Give trick-or-treaters and visitors a chilling welcome with this motion-activated witch. Her cackling laugh and shivering scream, moving hands, animated head and glowing green eyes will startle even the bravest. Requires 6 "AA" batteries (not incl.). 13 1/2"W x 9"D x 57"H.

Price: $14.99
i'm going to order this so when i get it ill take a pic


----------



## Lilly (Jun 13, 2006)

*collections witch pic to campare to lillian vernon*

Ok here are 3 pics all are okay could use some sprucing up, but thats okay.

this is the collections witch it is smaller than the lillian..52 inches but eyes light up the arms move and it does the witch cackle, is motion activated with my discount 12.74
















witch hair is brown not purple.

this is the reaper they had 12.74 also screams help me arms move , motion activated also same size as witch 









and this is the pumpkin ghoul guy ...it is fibre optic i havent tried it yet 14.99
it is 52 inches also than the witch and reaper









they all use AA batteries


----------



## Lilly (Jun 13, 2006)

The hands on the lilian are way better...also has a taller hat.

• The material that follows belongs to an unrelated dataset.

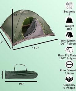 - SIZE MEASUREMENTS: Perfect for kids & adults alike, these large dome tents for camping in big groups measure 112″ x 112″ x 44″ (284 x 284 x 112 cm) and is an ideal 5-6 person tent for all to stretch out & sleep comfortably

think ill add some different hair and a type a shawl or the creepy cloth to the one i got. i really dont like the yellow they added to it either.


----------



## ghostie (May 15, 2006)

Thanks for posting the pictures,Lilly. I really like that pumpkin guy too!


----------



## malibooman (Aug 18, 2006)

I just ordered that Pumpkin Ghoul. Got some plans for him.


----------